• **Exercise prompt**
Copy from the first line below down to and including the line with "Polo in felted". Skip the pictures.
═════ Given material ═════
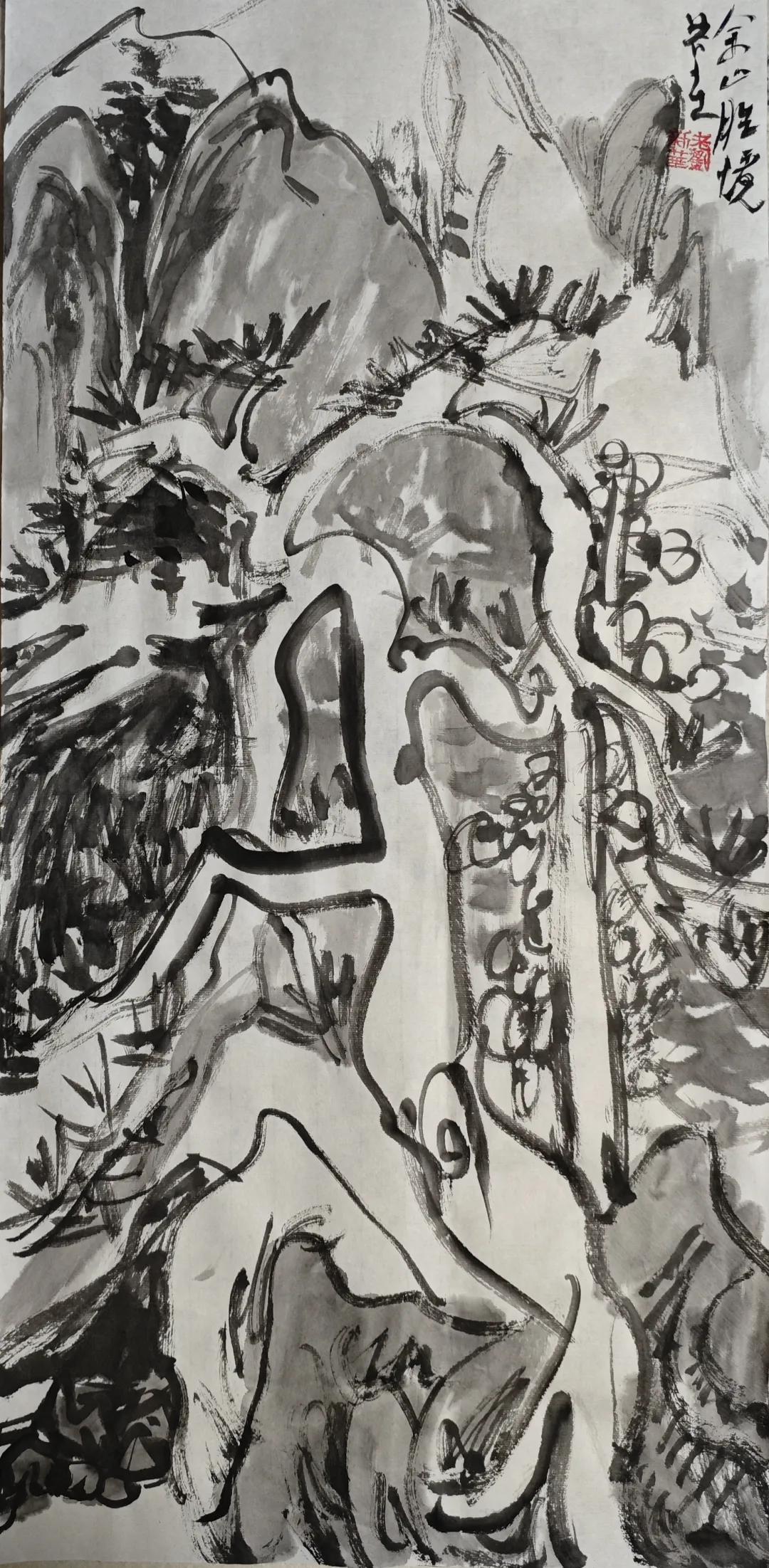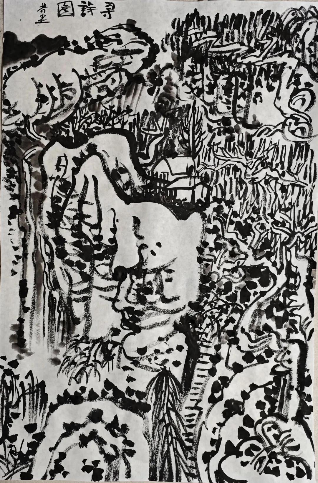 以点线面转译林泉魂,用笔墨承载真情绪。不泥古,不摹形,只将撞入山林的清凉、撞见山房的松弛,揉进浓淡墨色里。一笔一息,皆是纸上林泉的“可居可游”之境。
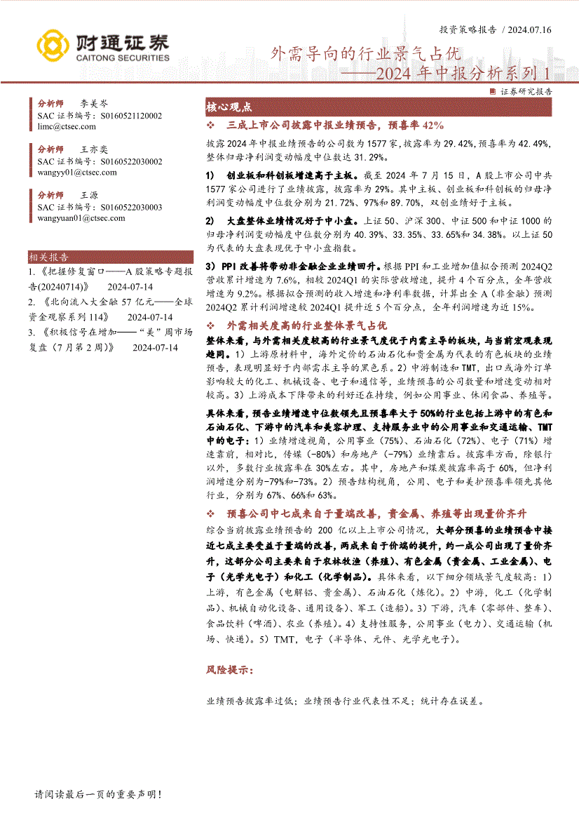 财通证券-2024年中报分析系列1:外需导向的行业景气占优-240716
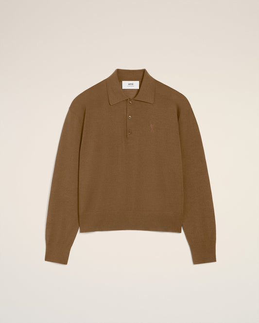 Polo in felted merino wool knit. Unisex product Manches longues "ami" engraved horn buttons Intarsia...
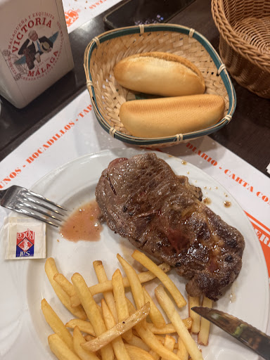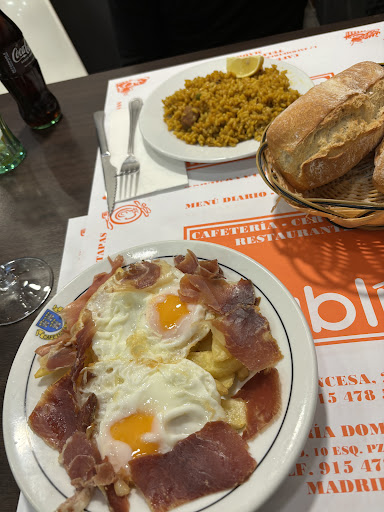 Read moreMás de las 3 de la tarde. Me topo con este restaurante cafetería donde publicitan aparte del menú del día, plato del día (medio menú). No tengo mucha hambre, me parece bien. Antes de acabar de abrir la puerta me aborda una señora que me vende el oro y el moro, cualquier plato del menú, primero o segundo, pan y bebida (agua, vino, cerveza...) por 9,80. Madrid, calle Princesa, estupendo. Entrecote con patatas y vino tinto (botella entera para mi). El vino prometía (y cumplió) acidez severa de estómago si habías olvidado el omeprazol por la mañana. El entrecote, crudo por dentro, cocido por fuera, a esa plancha le faltaba un plus. Menos mal que a mi la carne me gusta poco hecha, que si no... El camarero correcto, sin más. El de la plancha, que estaba detrás de la barra, tenía cara de perdonarle la vida a los clientes, no sé de qué estrella Michelín acabó en este "restaurante" de tercera. Para no repetir,...
═════
• **Response box**
 以点线面转译林泉魂,用笔墨承载真情绪。不泥古,不摹形,只将撞入山林的清凉、撞见山房的松弛,揉进浓淡墨色里。一笔一息,皆是纸上林泉的“可居可游”之境。
 财通证券-2024年中报分析系列1:外需导向的行业景气占优-240716
 Polo in felted merino wool knit. Unisex product Manches longues "ami" engraved horn buttons Intarsia...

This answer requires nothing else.